Szlachetna Paczka. Rodziny liczą na szlachetną pomoc
W sobotę wolontariusze zachęcali do otwarcia serc. Ruszyła właśnie 16. edycja Szlachetnej Paczki. Pomoc jest ogromna. - Nie byłoby nas stać na kupno rowerka dla Bartusia - mówi pan Andrzej.
Najważniejszy był moment, gdy przełamałam barierę wstydu. Dwa lata wcześniej też wzięłam w przedszkolu deklarację, ale nie odważyłam się jej wypełnić - opowiada Ewa Ilczuk.
Jej rodzina, tak jak 977 innych z Podlasia, dostała w zeszłym roku pomoc w ramach Szlachetnej Paczki. - Jedzenia starczyło na pół roku. Dostaliśmy też sporo chemii, zabawek, dwie kurtki dla syna... - przypomina Andrzej Ilczuk.
- I mój rower! - przerywa mu 6-letni Bartek.
Chłopak ma problem ze stopami. Jazda na rowerze jest dla niego rodzajem rehabilitacji. - Przede wszystkim wzrosło nasze poczucie bezpieczeństwa. Zaoszczędzone dzięki pomocy ze Szlachetnej Paczki pieniądze mogłem m.in. naprawić samochód. Z Bartusiem trzeba jeździć na rehabilitację do Warszawy- tłumaczy pan Andrzej.
Rodzina żyje z jednej wypłaty. Ma jednak za „duży” (dokładnie o 1,5 zł) dochód, by starać się o mieszkanie komunalne. Nie kwalifikuje się do zasiłku rodzinnego.
Szlachetna Paczka pomaga spełniać najróżniejsze marzenia. - Samotna starsza kobieta nigdy w życiu nie miała pralki. Gdy ją dostała, ucałowała urządzenie. Pewien pan poprosił o jedzenie, środki czystości i białe rajstopki dla 7-letniej córeczki - opowiada Joanna Godlewska ze Szlachetnej Paczki. Dodaje, że zgłaszający się po pomoc nie mają wygórowanych potrzeb. - Staramy się zrealizować te najpilniejsze - podkreśla Godlewska.
W sobotę wolontariusze Szlachetnej Paczki uroczyście otworzyli tegoroczną edycję akcji. Maszerowali po centrum Białegostoku i zachęcali przechodniów do otwarcia serc. W tym roku marsz odbył się pod hasłem „Koniec ery dorobkiewiczów”.
- Chcemy przekonać ludzi do tego, że powinni cześć swojego dorobku zamienić na dobro, które mogą przekazać potrzebującym rodzinom - tłumaczy Joanna Godlewska.

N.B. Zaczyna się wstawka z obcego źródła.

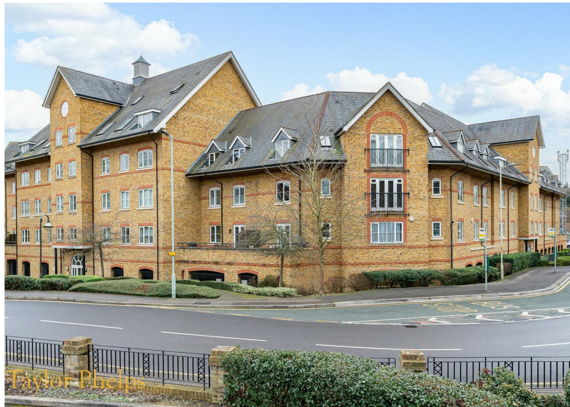
Taylor Phelps Estate Agency

Jednocześnie ze Szlachetną Paczka rusza też siostrzany projekt - Akademia Przyszłości. Darczyńca wybiera dziecko, któremu, które ma problemy w szkole i pochodzi z niezamożnej rodziny. Finansuje mu tzw. indeks obejmujący m.in. wyprawki dla uczniów czy koszt szkolenia wolontariuszy. Ci ostatni będą z uczniami np. odrabiać lekcje. W projekcie chodzi przede wszystkim o to, by dziecko już od najmłodszych lat uczyło się wierzyć w siebie i osiągało sukcesy.